但是有一个很大的如何.在C#中,您称为char的不是您在语言中所称的字符.其他帖子对此进行了广泛讨论,例如:将大文本拆分为较小块的最快方法如何通过字符比较来执行可识别Unicode的字符?然后,我将在这里不再赘述.要具有"Unicode意识",您需要使代码更加复杂(请注意,此处编写的代码未经测试):

private static IEnumerable<string> EnumerateCharacters(string s)
{
    var enumerator = StringInfo.GetTextElementEnumerator(s.Normalize());
    while (enumerator.MoveNext())
        yield return (string)enumerator.Value;
}

然后将我们的原始代码更改为:

public static int CountMaximumOccurrencesOf(this IEnumerable<string> strings, string character)
{
    return strings
        .Select(s => s.EnumerateCharacters().Count(c => String.Equals(c, character, StringComparison.CurrentCulture))
        .Max();
}

请注意,仅Max()要求集合不能为空(如果collection可能为空且不是错误,请使用DefaultIfEmpty()).要不要随意决定在这种情况下的处理方式(如果应该发生则抛出异常,或者只是返回0),则可以使此方法的专业性降低,并将此职责留给调用方:

public static int CountOccurrencesOf(this IEnumerable<string> strings,
    string character,
    StringComparison comparison = StringComparison.CurrentCulture)
{
    Debug.Assert(character.EnumerateCharacters().Count() == 1);

    return strings
        .Select(s => s.EnumerateCharacters().Count(c => String.Equals(c, character, comparison ));
}

像这样使用:

var maximum = myStrings.CountOccurrencesOf("#").Max();

如果需要,请区分大小写:

var maximum = myStrings.CountOccurrencesOf("à", StringComparison.CurrentCultureIgnoreCase)
    .Max();

您现在可以想象这种比较不仅限于某些深奥语言,而且还适用于不变文化(en-US),那么对于必须始终与不变文化进行比较的字符串,您应该指定StringComparison.InvariantCulture.不要忘记,您可能还需要为输入字符调用String.Normalize().

In C#, given the array :

string[] myStrings = new string[] {
  "test#test",
  "##test",
  "######", // Winner (outputs 6)
};

How can I find the maximum number of occurrences that the character # appears in a single string ?

My current solution is :

int maxOccurrences = 0;
foreach (var myString in myStrings)
{
    var occurrences = myString.Count(x => x == '#');
    if (occurrences > maxOccurrences)
    {
        maxOccurrences = occurrences;
    }
}

return maxOccurrences;

Is their a simplier way using linq that can act directly on the myStrings[] array ?

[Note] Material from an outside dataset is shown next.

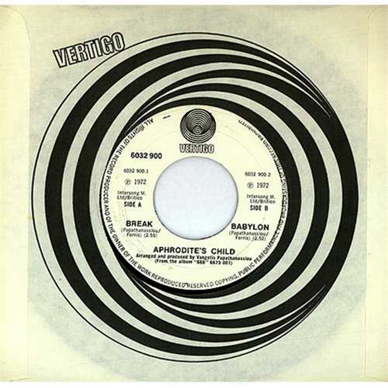 APHRODITE'S CHILD Break (1972 UK wide centred vinyl 7" single on the 'swirl' Vertigo label, also including Babylon, comes in a Vertigo record company die-cut paper sleeve)
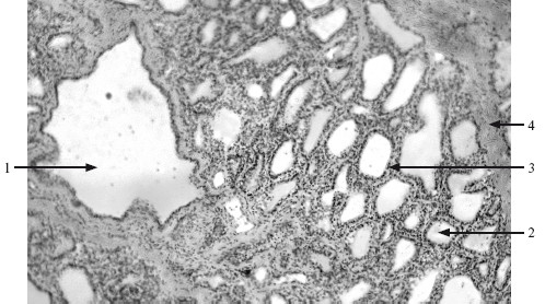 1 – млечный ход; 2 – концевой отдел; 3 – экзокриноциты; 4 – соединительно-тканная перегородка.

And can this be made into an extension method that can work on any IEnumerable<string> ?

解决方案

First of all let's project your strings into a sequence with count of matches:

myStrings.Select(x => x.Count(x => x == '#')) // {1, 2, 6} in your example

Then pick maximum value:

int maximum = myStrings
    .Select(s => s.Count(x => x == '#'))
    .Max(); // 6 in your example

Let's make an extension method:

public static int CountMaximumOccurrencesOf(this IEnumerable<string> strings, char ch)
{
    return strings
        .Select(s => s.Count(c => c == ch))
        .Max();
}

However there is a big HOWEVER. What in C# you call char is not what you call character in your language. This has been widely discussed in other posts, for example: Fastest way to split a huge text into smaller chunks and How can I perform a Unicode aware character by character comparison? then I won't repeat everything here. To be "Unicode aware" you need to make your code more complicate (please note code is wrote here then it's untested):

private static IEnumerable<string> EnumerateCharacters(string s)
{
    var enumerator = StringInfo.GetTextElementEnumerator(s.Normalize());
    while (enumerator.MoveNext())
        yield return (string)enumerator.Value;
}

Then change our original code to:

public static int CountMaximumOccurrencesOf(this IEnumerable<string> strings, string character)
{
    return strings
        .Select(s => s.EnumerateCharacters().Count(c => String.Equals(c, character, StringComparison.CurrentCulture))
        .Max();
}

Note that Max() alone requires collection to don't be empty (use DefaultIfEmpty() if collection may be empty and it's not an error). To do not arbitrary decide what to do in this situation (throw an exception if it should happen or just return 0) you can may make this method less specialized and leave this responsibility to caller:

public static int CountOccurrencesOf(this IEnumerable<string> strings,
    string character,
    StringComparison comparison = StringComparison.CurrentCulture)
{
    Debug.Assert(character.EnumerateCharacters().Count() == 1);

    return strings
        .Select(s => s.EnumerateCharacters().Count(c => String.Equals(c, character, comparison ));
}

Used like this:

var maximum = myStrings.CountOccurrencesOf("#").Max();

If you need it case-insensitive:

var maximum = myStrings.CountOccurrencesOf("à", StringComparison.CurrentCultureIgnoreCase)
    .Max();

As you can now imagine this comparison isn't limited to some esoteric languages but it also applies to invariant culture (en-US) then for strings that must always be compared with invariant culture you should specify StringComparison.InvariantCulture. Don't forget that you may need to call String.Normalize() also for input character.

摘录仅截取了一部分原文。